Thailand: COVID-19 rebound hits the poorest

During Thailand's worst coronavirus rally yet, lockdown measures have reduced to zero what little had the poorest in Bangkok.
For two months now, carpenter Tun Nye has been unable to send money to his parents in Myanmar to help them care for their 11-year-old son, after Thai authorities closed the construction site where he works over concerns related to the pandemic.

Without work there is no income for him or his wife, who have been confined in one of the more than 600 worker camps in Bangkok, where they live in a small room in a dilapidated building, with boards and sheets to cover the missing windows.

During Thailand's worst coronavirus rally yet, lockdown measures have reduced to zero what little had the poorest in Bangkok. Volunteer groups work to make sure they survive.

For Tun Nye, 31, the bag of rice, canned fish and other supplies given to them by Bangkok Community Aid volunteers meant that they would not go hungry that week.

"It has been three or four months without money and we do not have enough to eat," he said as he collected his supplies. "And there is no option to go home to Myanmar, it is worse there."

The government closed the camps in late June after a series of delta-variant infections affected workers there, deteriorating the COVID-19 rally in Thailand. Many lost all their income, and although employers were supposed to make sure they had enough food and water, most of them did not.

"In one camp you could see that there were many supplies, that they were taken care of, and you walk another 30 meters (yards) to another camp and there they have not seen their boss in two weeks and they are told to go fishing to eat", said Greg Lange, one of the co-founders of Community Aid Bangkok, which delivers around 3,000 hot meals a day and about 600 "survival bags" like the one Tun Nye received.

The organization, founded at the beginning of the pandemic last year, now has more than 400 Thai and foreign volunteers like Lange, 62, of Florida who has lived in Thailand for 20 years. The group relies heavily on social media to make itself known and ask for help.

Donations come from corporations, individuals, and even governments. Some deliver food that they prepare themselves, others give packaged food or cash. The rice in the survival packs that were recently delivered to the slums near Bankok's main commercial port was purchased with Australian Aid funds; the apples were donated by the New Zealand and Thailand Chamber of Commerce.

When hospitals became overcrowded to the point that they were not receiving more COVID- 19 patients, volunteer doctors brought oxygen to their homes, hoping to keep them alive long enough until a bed was available in the intensive care unit.

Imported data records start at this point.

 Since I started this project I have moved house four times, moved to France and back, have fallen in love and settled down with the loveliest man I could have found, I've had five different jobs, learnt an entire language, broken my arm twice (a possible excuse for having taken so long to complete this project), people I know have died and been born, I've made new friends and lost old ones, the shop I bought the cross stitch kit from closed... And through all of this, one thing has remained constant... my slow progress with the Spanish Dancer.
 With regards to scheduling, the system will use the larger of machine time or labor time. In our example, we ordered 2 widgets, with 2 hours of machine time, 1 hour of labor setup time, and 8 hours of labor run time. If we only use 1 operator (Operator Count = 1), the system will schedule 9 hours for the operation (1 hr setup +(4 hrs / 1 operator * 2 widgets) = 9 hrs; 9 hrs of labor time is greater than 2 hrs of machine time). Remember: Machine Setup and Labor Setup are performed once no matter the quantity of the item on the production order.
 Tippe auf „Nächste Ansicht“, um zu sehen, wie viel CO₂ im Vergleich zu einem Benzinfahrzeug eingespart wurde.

"We were mainly dedicated to helping people survive this time with food and necessities, but suddenly we were dealing with human lives, there were people who literally died in our arms," ​​said another of the co-founders, Friso Poldervaart, a Dutch who has lived more than a third of his 29 years of life in Thailand.

"Hopefully, that situation is a little better now, there are more beds available and the government lockdown program works better, but we still send 20 or 30 people to the hospital every day, and we continue to administer oxygen," he said.

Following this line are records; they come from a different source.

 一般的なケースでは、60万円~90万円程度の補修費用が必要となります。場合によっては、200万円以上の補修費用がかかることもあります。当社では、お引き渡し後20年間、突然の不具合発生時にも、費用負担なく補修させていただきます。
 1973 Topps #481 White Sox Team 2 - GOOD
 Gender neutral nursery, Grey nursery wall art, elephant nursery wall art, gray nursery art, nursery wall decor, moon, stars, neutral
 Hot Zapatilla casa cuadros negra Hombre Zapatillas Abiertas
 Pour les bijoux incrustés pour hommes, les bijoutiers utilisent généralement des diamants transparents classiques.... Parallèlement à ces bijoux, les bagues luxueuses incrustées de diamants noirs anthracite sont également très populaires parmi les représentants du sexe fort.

New infections in Thailand have hovered around 15,000 daily cases in recent days after reaching more than 23,400 in mid-August, while the death toll from COVID-19 remains high, with 224 deaths reported Sunday. The country accumulates 1.2 million confirmed cases and more than 12,800 deaths so far in the pandemic.

The government hopes that the country is about to emerge from its deadliest wave of the pandemic, in which 97% of total cases have been registered in Thailand and more than 99% of its deaths from COVID-19.

After a slow and criticized start to the vaccination campaign, around 35% of the population already have at least one dose and 12% are fully inoculated. In Bangkok, more than 90% of the inhabitants have a dose and more than 22% have a complete vaccination chart.